I offered to sleep on the couch but she said the AC ain't working so she prefers it there which IMO is just her passive aggressive tendencies.

So this all stems from me going to work after just smoking a tiny bit of a joint (not enough to be high but for a bit of a relaxation) and she got very angry about it.

Now my issue is I said to her I thought the first hour I was slower than usual but sped up right after along with a positive mindset but I probably wouldn't do it again and just wait til the end of the week.

That's me basically trying to avoid anymore conversation on the subject, correct?

But for my wife it's not enough she needs to smash it over the head as to why you shouldn't do it etc etc etc etc etc and it's like I just told you I won't do it again.

But it seems the thing that ticked her off is the fact she kept going at it and I decided to say "If I decided to do it again or whenever I want, it's up to me not you even if we are a couple at the end of the day".

She didn't like that one bit and took it out of context to be about my life in general?

She started saying nonsense like "Oh fine I won't be part of your life, here we go the change".

Now I don't want to be one of those guys but shes also on her lady day but I am at a loss because I literally admitted that even just having a toke of a joint (not smoking it all, not even a 1/4) before work was something I'd never do again and yet she still got mad enough to not sleep in the same bed?

I mean I do feel bad I did reply with a sneeky remark like "Never tell you to stop taking 8 painkillers in a day for your lady days but me smoking a tiny bit of a joint is horrible? It's not like anyone died from a overdose of weed" I'm english so my humor is kinda a stab in the dark kind of thing.

Now I know this might all stem from multiple things...maybe?
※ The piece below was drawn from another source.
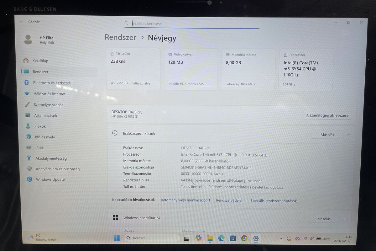 2x FHD Webkamera, Wifi, Bluetooth, 4G, SIM foglalat, Ujjlenyomatolvasó

But I can't be in the wrong surely?


----------



## Tilted 1 (Jul 23, 2019)

nath23 said:


> Alright so...first of all I don't think I'm having marriage issues tbh compared to what I read but it's just a concern.
> So this is probably the first time in our relationship ever that she decided to not sleep in the same bed and instead on the couch.
> I offered to sleep on the couch but she said the AC ain't working so she prefers it there which IMO is just her passive aggressive tendencies.
> So this all stems from me going to work after just smoking a tiny bit of a joint (not enough to be high but for a bit of a relaxation) and she got very angry about it.
> ...


Well Nath, you mean to tell everyone here that smoking 1/4 of a joint is worth your marriage. Dude grow up man! And yet most companies drug screen and you want to take a chance of losing you means of survival for you and your wife. 

Get your head screwed on correctly and start prioritizing what is most important to you. If it isn't your wife and you don't want to achieve much in your life. Just keep on toking. 
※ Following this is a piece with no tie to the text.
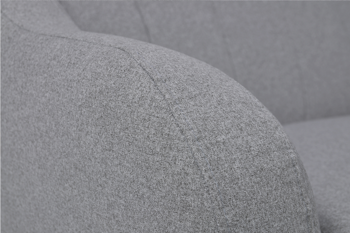 Das zweisitzige Sofa ist mit einem weichen, angenehm anzufassenden Polsterstoff bezogen, der eine erhöhte Beständigkeit gegen Verschmutzungen aufweist, um uns über viele Jahre hinweg gut zu dienen und dabei gleichbleibend gut auszusehen.

And what does her on her period, got to do with what your explaining? Maybe your too relaxed to rationalize properly. 

Get a grip dude!


----------



## EleGirl (Dec 3, 2011)

Nath, 

Is there a history of you using drugs that has been a problem in the past?

What sort of pain pills is your wife taking 8 of in one day?


----------



## moulinyx (May 30, 2019)

nath23 said:


> Alright so...first of all I don't think I'm having marriage issues tbh compared to what I read but it's just a concern.
> 
> So this is probably the first time in our relationship ever that she decided to not sleep in the same bed and instead on the couch.
> 
> ...


I think you are missing the point. It is less about the joint and more about the expectations she has for her spouse (you). Is this something you two have talked about before? I would be pissed if my husband smoked a joint because of the risk he would be taking with his job, thus potentially putting us financially at risk over something so petty. On top of it all....it was before work. She isn't going to lose her job over ibuprofen for her cycles. 
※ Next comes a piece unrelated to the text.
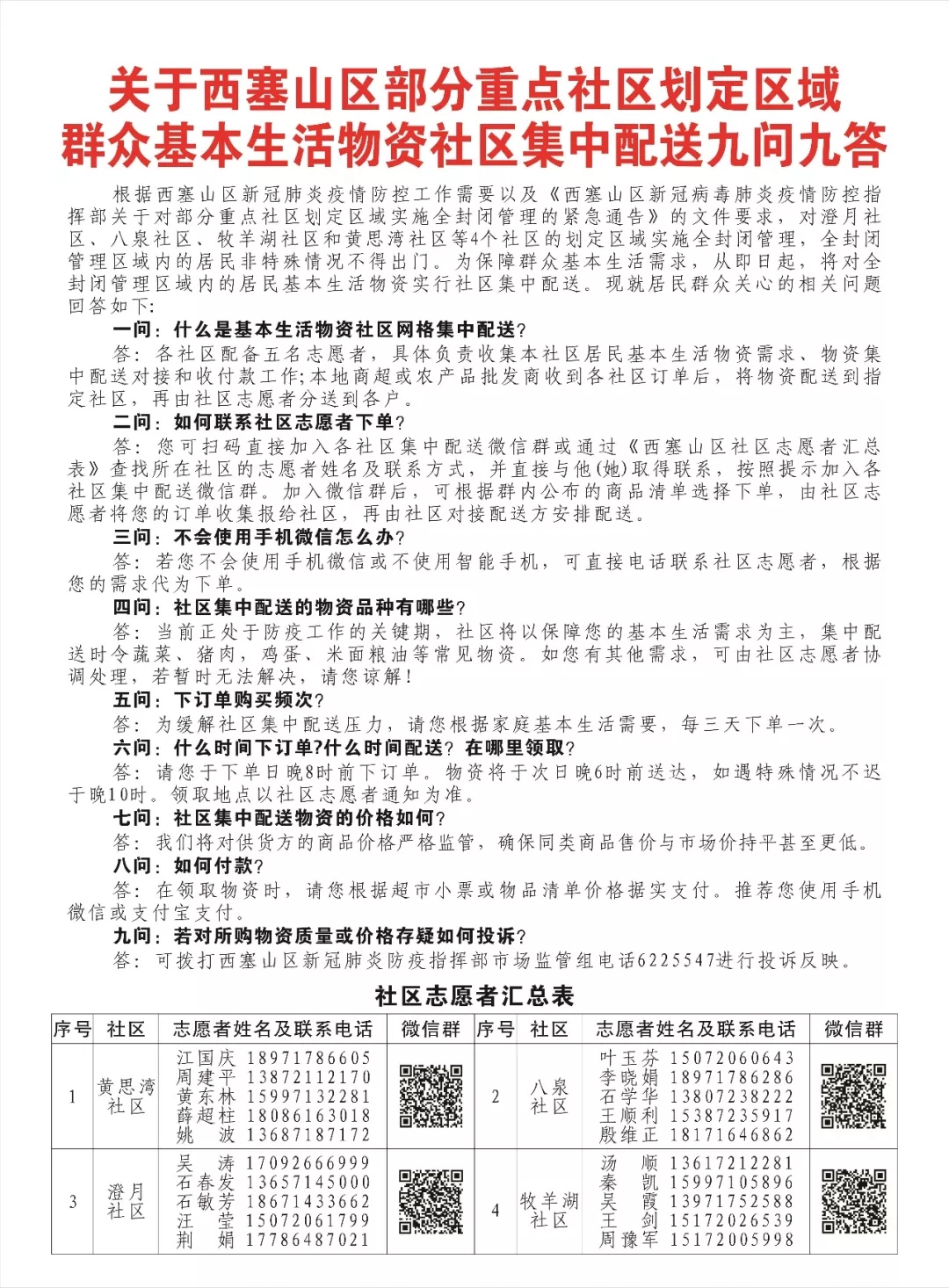 关于西塞山区部分重点社区划定区域群众基本生活物资社区集中配送九问九答

Sorry man, but this story sounds sloppy and like you disrespected your wife. Id suggest asking what upset her about the joint so you can at least hear her perspective and have an opportunity to explain yourself as well. The talk about divorce was also over the top. I doubt you would TRY to do something to tick your wife off (no husbands do that, haha), but I am thinking your "so what" attitude is driving her up the wall. 

A few nights sleeping apart is good for self-reflection anyways. This isn't a marriage ender but could be the start of a major rift due to poor communication. Try to go in with an open mind or you two will go in circles. Good luck with resolving this argument! 

Take this as an opportunity to set expectations


----------



## nath23 (Dec 18, 2019)

Ok seems most people are not following what I'm saying.
No I have no drug issues in my past or any type of dependencies in the past.
I am not debating that I will continue to do it before work it was a one off to see how it felt.
My work place does not do random drug screenings.
I've accepted the fact it wasn't the smartest thing to do during the conversation I had with her but she wanted to hammer it into my head so bad it almost felt like my mom was talking to me.
I don't have a issue of someone telling me as an opinion "It's wrong you did it" when I literally prefixed it by saying "I'll never do it again because I couldn't do my job as good as I usually could" I feel it should be cut and dry done.
It shouldn't lead to more issues if I cut the head of the problem at the source.


----------



## nath23 (Dec 18, 2019)

Tilted 1 said:


> nath23 said:
> 
> 
> > Alright so...first of all I don't think I'm having marriage issues tbh compared to what I read but it's just a concern.
> ...



I don't need to get a "grip dude" as I said in my starting post this was not a issue of any type she also smokes weed lol.
The only difference was I did it 1 hour before work.
I already admitted it was a bad idea and won't be done again.
The problem from where the whole sleeping in different beds stems from the fact she wants me to change the past as if I'm from back to the future to warn myself not to do it in the first place.
If I've already admitted it was a bad idea I shouldn't have to listen to someone rant at me for 30 minutes about why I shouldn't do it.
It's not something I would associate with "risking my marriage" as stated I feel stable in my marriage compared to most but it just seems random for her to be so upset about such a minor thing.
Also the reason I mentioned her "lady days" is because this is a recurring theme whenever theirs a argument it happens to fall upon those certain days.
That's why I tend to give a pass to any of these arguments.


----------



## sunsetmist (Jul 12, 2018)

So she was worried. Maybe even scared. You seem rebellious because she felt she needed to hammer her point (like a mom). So does she do this all the time? If she had not reacted or mentioned it again, would you not have wondered? How much are you using on the weekends?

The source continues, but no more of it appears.